▶ [Exercise goal]
Print each record below precisely, with every picture left out of the copy.

▶ [Source data]
******************************
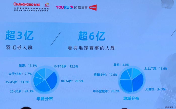 据悉,中国超6亿人或多或少地和羽毛球这项运动发生了联系,真正参与到羽毛球运动之中的有3亿人。我们此前一直在做各式各样所谓的大球项目的运动,无论是篮球还是足球,男女的比例是严重失调的,基本上是2比8,最多是3比7,男性用户占到绝大多数,但是羽毛球是6比4或者说是5.5比4.5,羽毛球是一项男女通吃的运动项目。
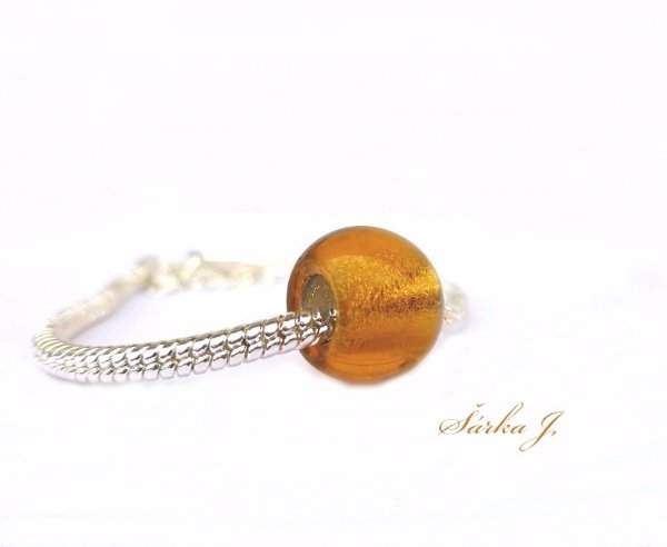Skleněné perle průměr 12 mm velkodírové , dírka 5 mm, barva medová (topaz), stříbro uvnitř perle vytváří zlatý efekt.
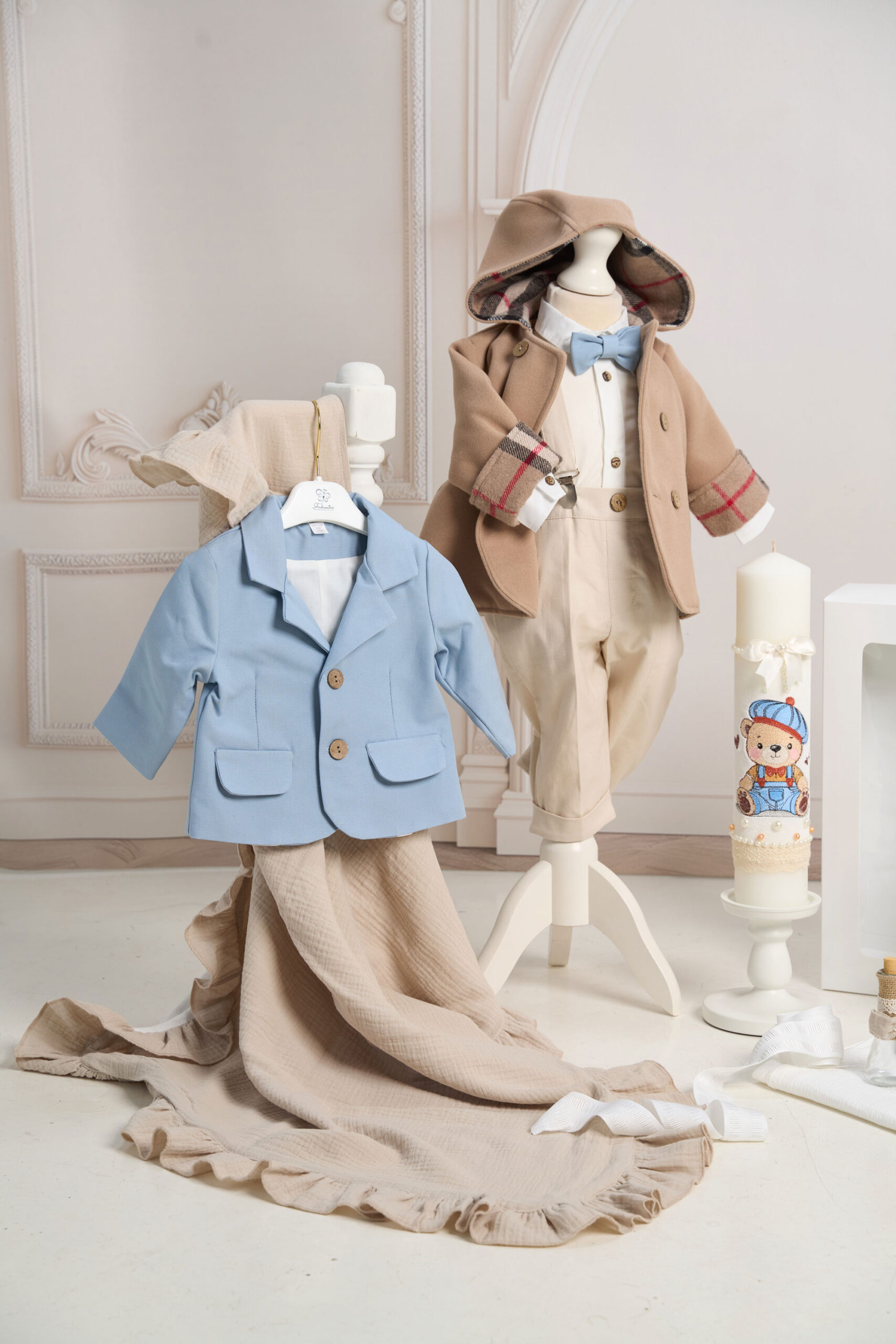 Profită de reducerea exclusivă și oferă micuțului tău o ținută specială pentru prima lui ceremonie, creată cu grijă și drag în România.
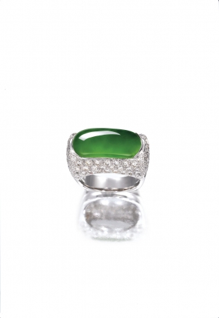 Set with a jadeite saddle top of bright green colour and very good translucency, to the pavé-set diamond half-hoop surround, mounted in 18k white gold, saddle top approximately 20.6 x 9.1 x 4.2 mm, ring size 8 ¼
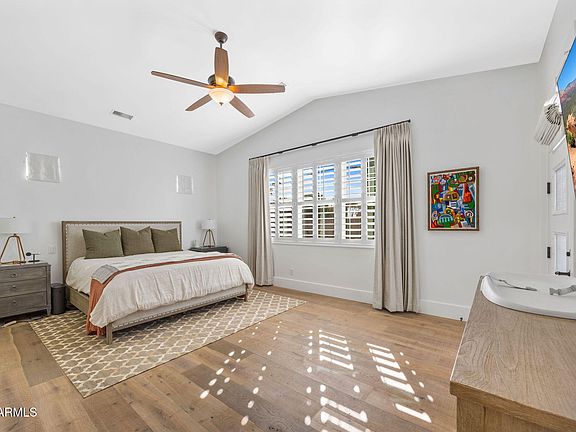 Nestled in the heart of Arcadia Lite and zoned for Hopi Elementary, this stunning home captures the quintessential Arcadia lifestyle. Enjoy very close proximity to Kachina Park, LGO, Ingo's, and other Arcadia favorites. The inviting front courtyard with its fireplace, and picturesque Camelback Mountain views sets the tone for effortless indoor-outdoor living. Inside, hardwood floors and vaulted ceilings enhance the open-concept design. The upgraded kitchen features newly updated appliances, RO system, and a large island. Natural light fills the living space with an expansive wall to wall accordion glass door flowing into the backyard. The primary suite boasts custom drapes, a soaking tub, and a luxurious rain shower. More highlights include a Tesla EV charger and side-entry off 42nd St. with access to 42nd Street.
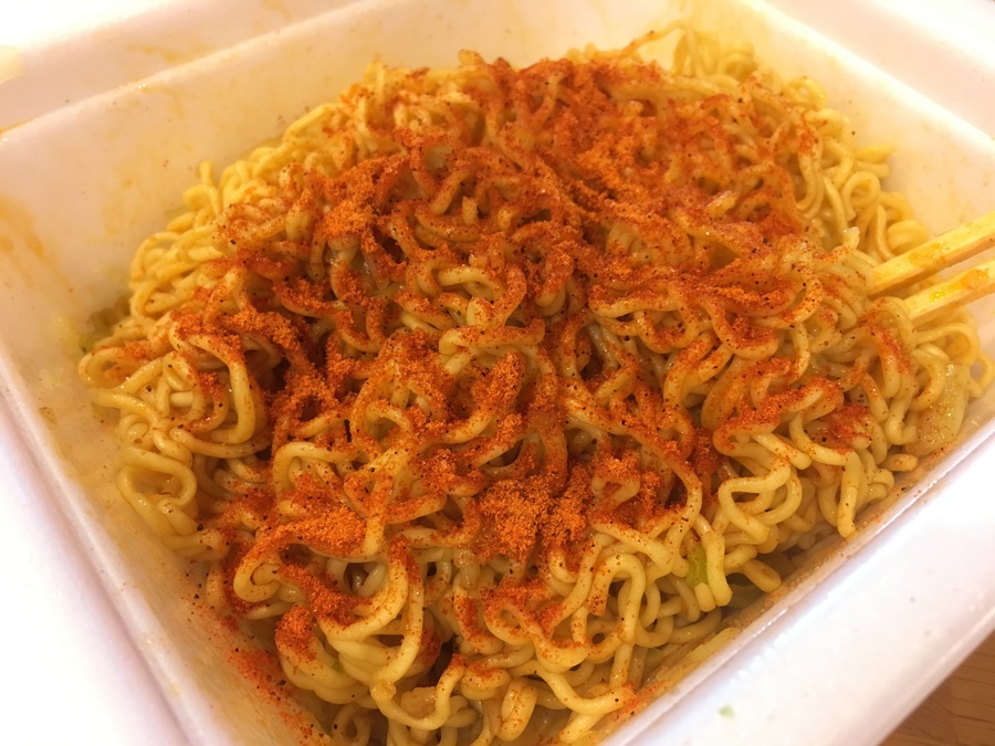 たっぷりかけて焼そばのキャンバスを真っ赤に染めて
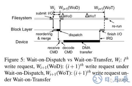 “保序發(fā)送是本文的重要創(chuàng)新之處,上層的文件系統(tǒng)對于需要保序的請求可以帶上barrier標(biāo)志,只要注意在發(fā)送時(shí)不把它們重排序就行,不再需要等待flush。由下邊的存儲設(shè)備來保證帶barrier標(biāo)志請求的持久化順序與它們的發(fā)送順序相同。我們把這種機(jī)制叫做wait-on-dispatch”
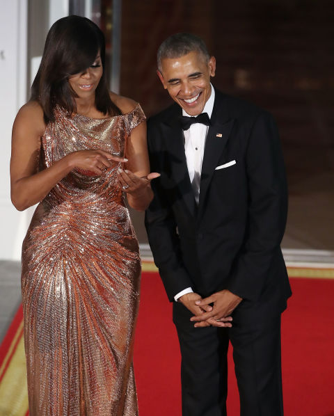 First Lady Michelle Obama just made her appearance for her final State Dinner at the White House. She's been dressed to the nines for the high-profile banquets every year, sporting Brandon Maxwell to Vera Wang, so for her sartorial finale, she ended on a big note—with a chainmail Atelier Versace gown.
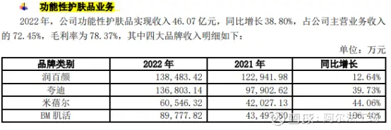 2022 年,华熙生物功能性护肤品收入46.07 亿元,同比增长 38.8%,占当年总营收比例超70%,其中润百颜全年收入约13.85亿元,夸迪全年收入约13.68亿元。
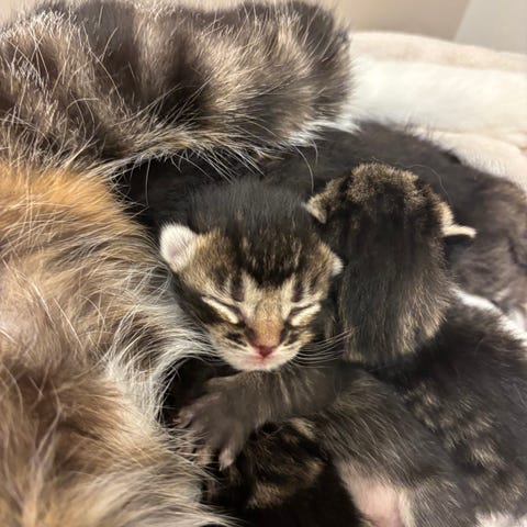 Här har vi fem underbara kattungar – tre tjejer och två killar – som längtar efter ett tryggt och kärleksfullt hem.☀️ De är randiga blandisar huskatter och föddes den 25 mars.
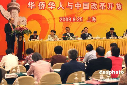 9月25日,中國僑聯(lián)主辦的“華僑華人與中國改革開放紀(jì)念大會”在上海舉行,來自20多個國家和地區(qū)的300余名僑領(lǐng)、華商共聚一堂,圍繞“華僑華人與中國改革開放”主題,共敘中國改革開放30年取得的偉大成果。中新社發(fā) 史利 攝
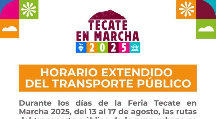 TECATE BC, 12 de agosto de 2025. – Pensando en el bienestar y comodidad de las familias tecatenses y de quienes visitan el municipio, el Gobierno de Tecate implementará un horario especial de transporte público durante la Feria Tecate...
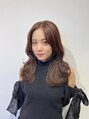 顔周りにレイヤーを入れつつ大きめのゆるふわカールをプラス。透明感のあるアッシュグレージュカラーで、重さを残しつつ柔らかい雰囲気を演出しています。大人っぽさと可愛さを両立させた万能スタイルです。
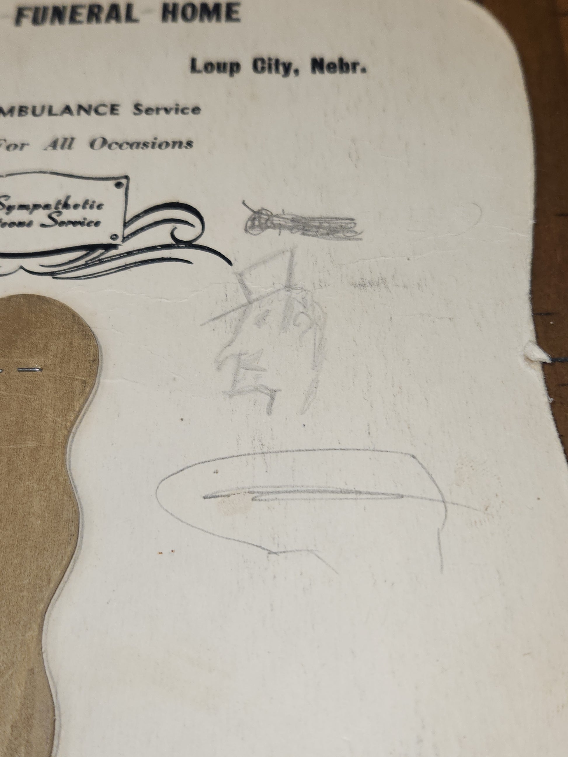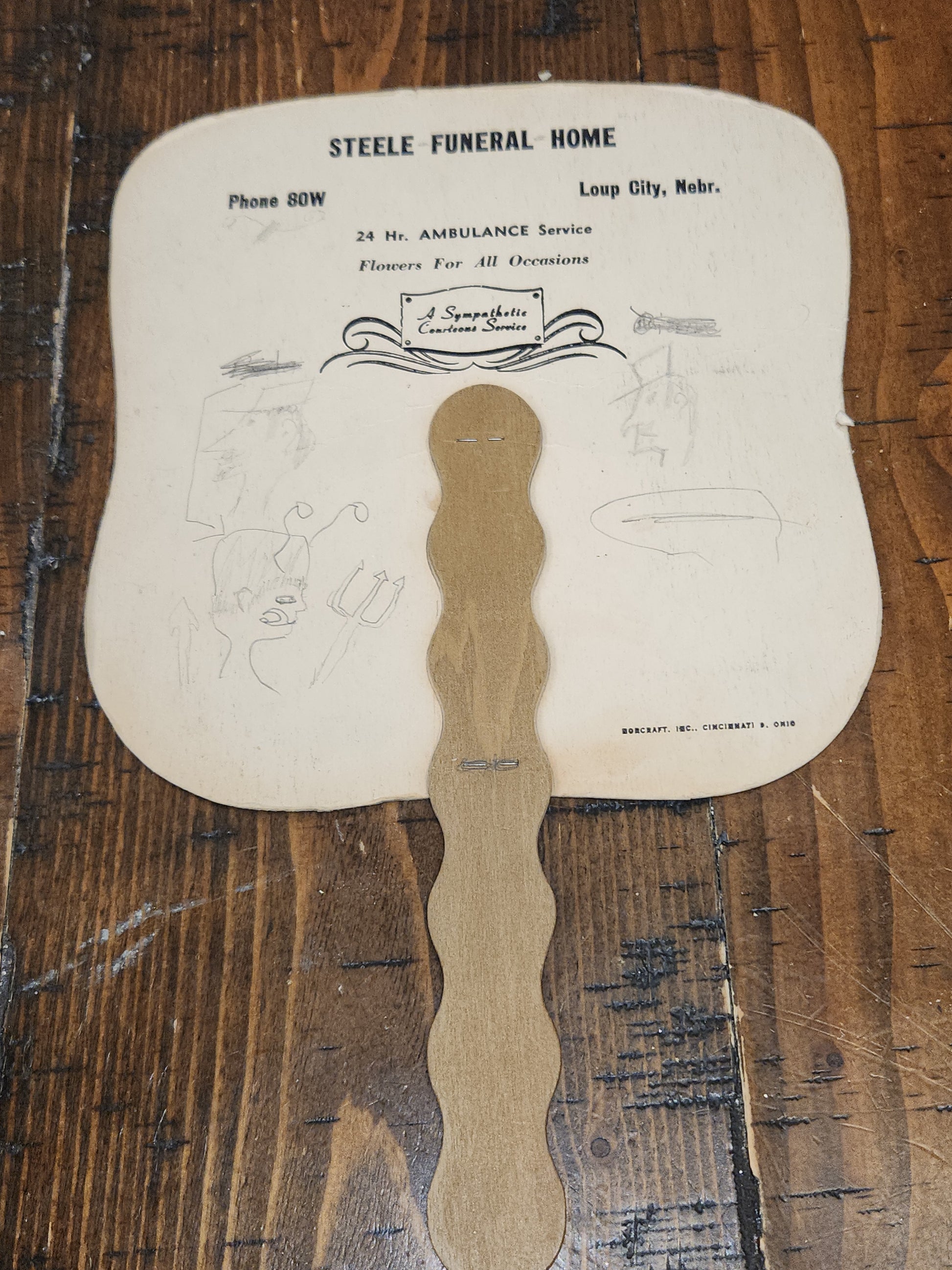 This is a set of 3 advertising fans for Steele Fineral Home in Loup City, Nebraska. Being sold as is, not perfect but intact!They all have wear on the edges and along the sticks. One has drawings in pencil. Each of them is 11 3/4" tall and just under 7 1/2"" wide. There is a light drawing done in pencil. Please see photos as they are part of the description
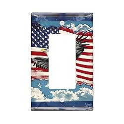 - American Flag Light Switch Cover Plate Sky Bald Eagle Cool Bird Patriotic Victorian Blue Red White Polycarbonate (PC) Decoration Kitchen Room Wall Electrical Covers Screws Included Single Rocker
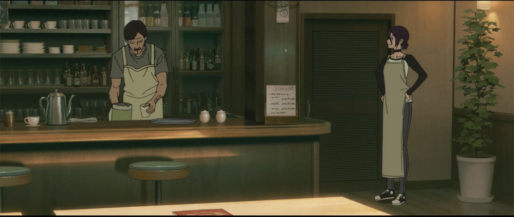 また「レゼ篇」の舞台のひとつであるカフェ「二道」は、登場シーンごとに時間帯が異なり、キャラクターに光が当たる方向も変化する。光源の設定も含めて、演出スタッフにリアルタイムでチェックしてもらうワークフローを組むことで、確認待ちによるタイムロスを防いだ。
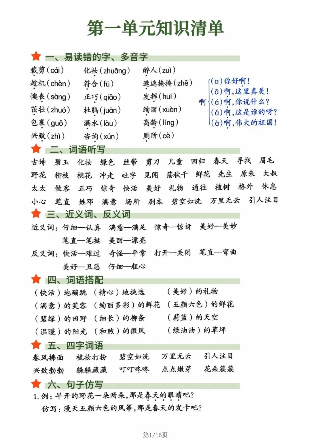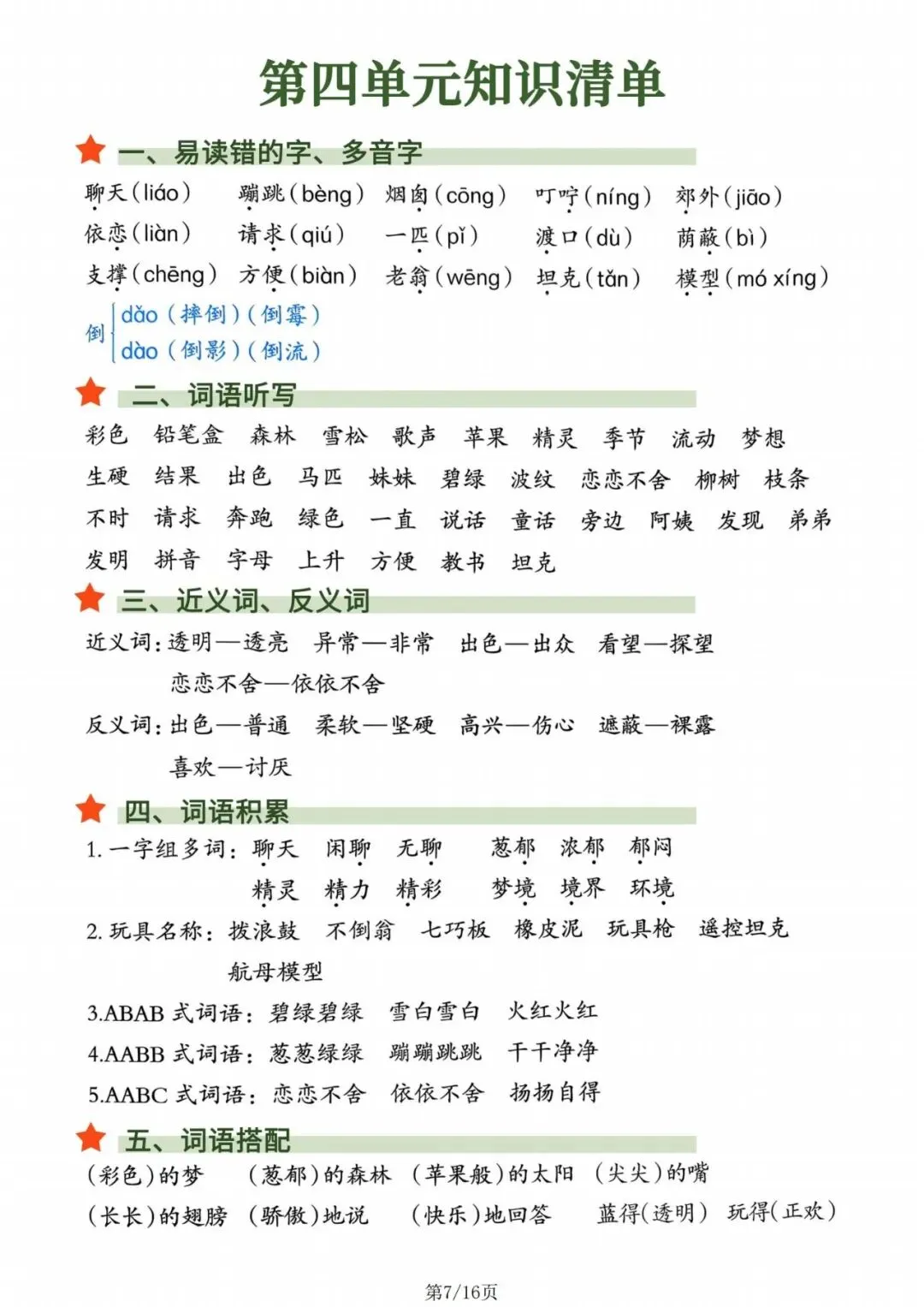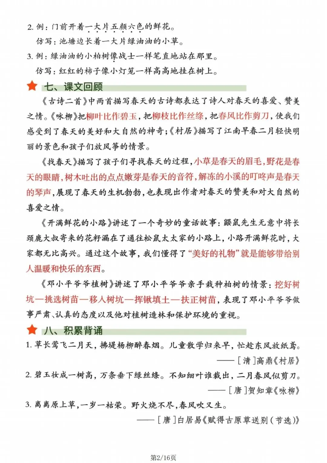 人教版|二年级语文下册知识点归纳总结(可打印)
******************************
▶ [The answer]
 据悉,中国超6亿人或多或少地和羽毛球这项运动发生了联系,真正参与到羽毛球运动之中的有3亿人。我们此前一直在做各式各样所谓的大球项目的运动,无论是篮球还是足球,男女的比例是严重失调的,基本上是2比8,最多是3比7,男性用户占到绝大多数,但是羽毛球是6比4或者说是5.5比4.5,羽毛球是一项男女通吃的运动项目。
Skleněné perle průměr 12 mm velkodírové , dírka 5 mm, barva medová (topaz), stříbro uvnitř perle vytváří zlatý efekt.
 Profită de reducerea exclusivă și oferă micuțului tău o ținută specială pentru prima lui ceremonie, creată cu grijă și drag în România.
 Set with a jadeite saddle top of bright green colour and very good translucency, to the pavé-set diamond half-hoop surround, mounted in 18k white gold, saddle top approximately 20.6 x 9.1 x 4.2 mm, ring size 8 ¼
 Nestled in the heart of Arcadia Lite and zoned for Hopi Elementary, this stunning home captures the quintessential Arcadia lifestyle. Enjoy very close proximity to Kachina Park, LGO, Ingo's, and other Arcadia favorites. The inviting front courtyard with its fireplace, and picturesque Camelback Mountain views sets the tone for effortless indoor-outdoor living. Inside, hardwood floors and vaulted ceilings enhance the open-concept design. The upgraded kitchen features newly updated appliances, RO system, and a large island. Natural light fills the living space with an expansive wall to wall accordion glass door flowing into the backyard. The primary suite boasts custom drapes, a soaking tub, and a luxurious rain shower. More highlights include a Tesla EV charger and side-entry off 42nd St. with access to 42nd Street.
 たっぷりかけて焼そばのキャンバスを真っ赤に染めて
 “保序發(fā)送是本文的重要創(chuàng)新之處,上層的文件系統(tǒng)對于需要保序的請求可以帶上barrier標(biāo)志,只要注意在發(fā)送時(shí)不把它們重排序就行,不再需要等待flush。由下邊的存儲設(shè)備來保證帶barrier標(biāo)志請求的持久化順序與它們的發(fā)送順序相同。我們把這種機(jī)制叫做wait-on-dispatch”
 First Lady Michelle Obama just made her appearance for her final State Dinner at the White House. She's been dressed to the nines for the high-profile banquets every year, sporting Brandon Maxwell to Vera Wang, so for her sartorial finale, she ended on a big note—with a chainmail Atelier Versace gown.
 2022 年,华熙生物功能性护肤品收入46.07 亿元,同比增长 38.8%,占当年总营收比例超70%,其中润百颜全年收入约13.85亿元,夸迪全年收入约13.68亿元。
 Här har vi fem underbara kattungar – tre tjejer och två killar – som längtar efter ett tryggt och kärleksfullt hem.☀️ De är randiga blandisar huskatter och föddes den 25 mars.
 9月25日,中國僑聯(lián)主辦的“華僑華人與中國改革開放紀(jì)念大會”在上海舉行,來自20多個國家和地區(qū)的300余名僑領(lǐng)、華商共聚一堂,圍繞“華僑華人與中國改革開放”主題,共敘中國改革開放30年取得的偉大成果。中新社發(fā) 史利 攝
 TECATE BC, 12 de agosto de 2025. – Pensando en el bienestar y comodidad de las familias tecatenses y de quienes visitan el municipio, el Gobierno de Tecate implementará un horario especial de transporte público durante la Feria Tecate...
 顔周りにレイヤーを入れつつ大きめのゆるふわカールをプラス。透明感のあるアッシュグレージュカラーで、重さを残しつつ柔らかい雰囲気を演出しています。大人っぽさと可愛さを両立させた万能スタイルです。
 This is a set of 3 advertising fans for Steele Fineral Home in Loup City, Nebraska. Being sold as is, not perfect but intact!They all have wear on the edges and along the sticks. One has drawings in pencil. Each of them is 11 3/4" tall and just under 7 1/2"" wide. There is a light drawing done in pencil. Please see photos as they are part of the description
 - American Flag Light Switch Cover Plate Sky Bald Eagle Cool Bird Patriotic Victorian Blue Red White Polycarbonate (PC) Decoration Kitchen Room Wall Electrical Covers Screws Included Single Rocker
 また「レゼ篇」の舞台のひとつであるカフェ「二道」は、登場シーンごとに時間帯が異なり、キャラクターに光が当たる方向も変化する。光源の設定も含めて、演出スタッフにリアルタイムでチェックしてもらうワークフローを組むことで、確認待ちによるタイムロスを防いだ。
 人教版|二年级语文下册知识点归纳总结(可打印)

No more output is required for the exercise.